Aim of the exercise:
Every line between the one containing "Кэмерон китайско Модель: CS-OTS606SL" and the last line of the data, both included, is to be set down exactly, and pictures are to be omitted.

Input data:
--- --- ---

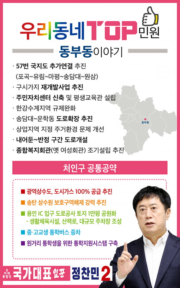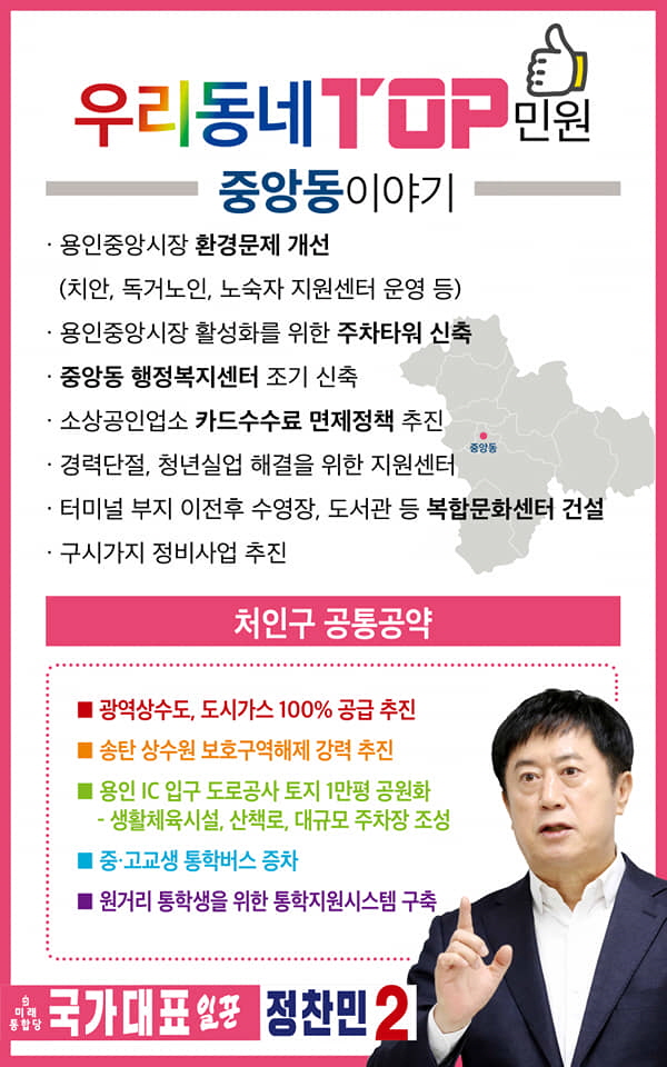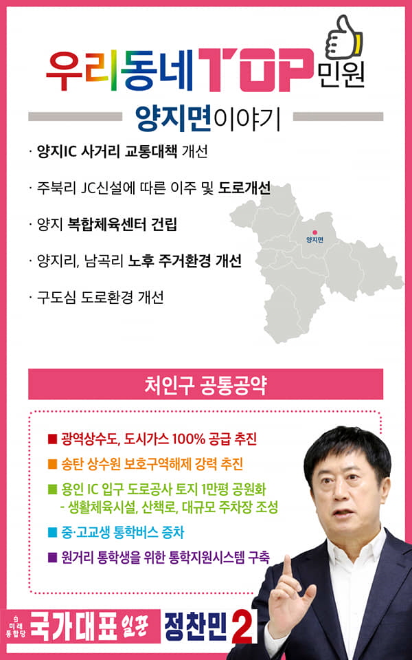 미래통합당 용인갑 국회의원 후보인 정찬민 전 용인시장은 지난 11일 처인구 관내 11개 읍면동에 대한 세 번째 지역으로 양지면, 중앙동, 동부동, 이동읍에 대한 공약을 발표했다.
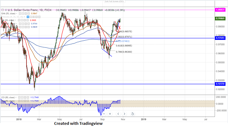 The near term resistance is around 1.000 and any break above targets 1.00680 high made on Jul 13th 2018. Any break above 1.00680 confirms further bullishness.
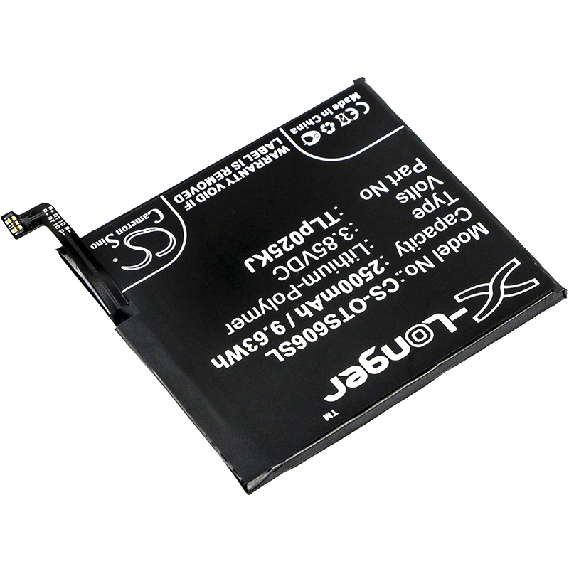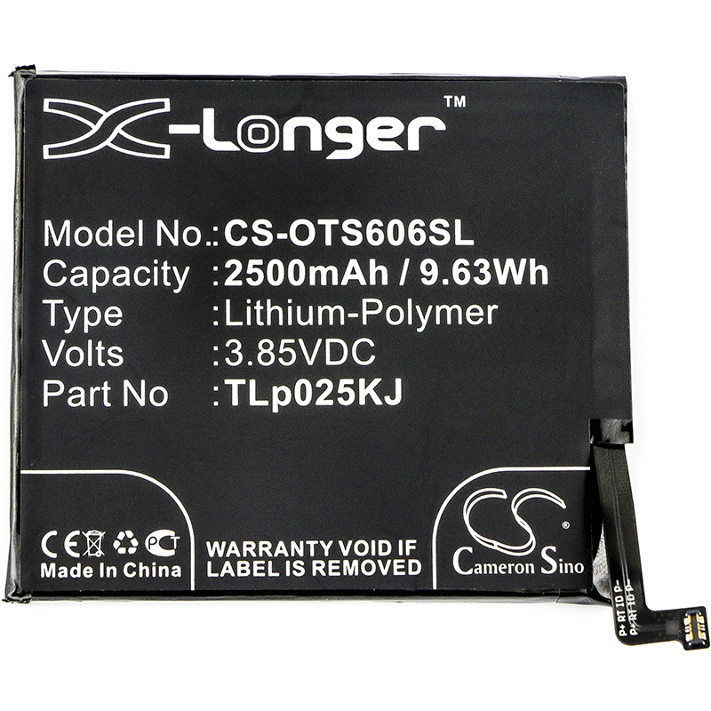 Кэмерон китайско Модель: CS-OTS606SL номер детали: Alcatel Работает с любым оператором, TLp025K1 TLp025KJ Совместимость: для Alcatel One Touch Idol 5S One Touch Idol 5S LTE OT-6060S OT-6060X Вольт: 3,85 V Тип: литий-полимерный аккумулятор Цвет: черный Ёмкость: 2500 мАч/9,63 Втч Размер: 72,90x63,58x3,20 мм Гарантия: 12 месяцев
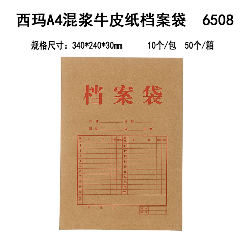 商品名称:西玛 A4混浆牛皮纸档案袋办公用品文件资料袋通用财务会计记账袋

--- --- ---

Written reply:
 Кэмерон китайско Модель: CS-OTS606SL номер детали: Alcatel Работает с любым оператором, TLp025K1 TLp025KJ Совместимость: для Alcatel One Touch Idol 5S One Touch Idol 5S LTE OT-6060S OT-6060X Вольт: 3,85 V Тип: литий-полимерный аккумулятор Цвет: черный Ёмкость: 2500 мАч/9,63 Втч Размер: 72,90x63,58x3,20 мм Гарантия: 12 месяцев
 商品名称:西玛 A4混浆牛皮纸档案袋办公用品文件资料袋通用财务会计记账袋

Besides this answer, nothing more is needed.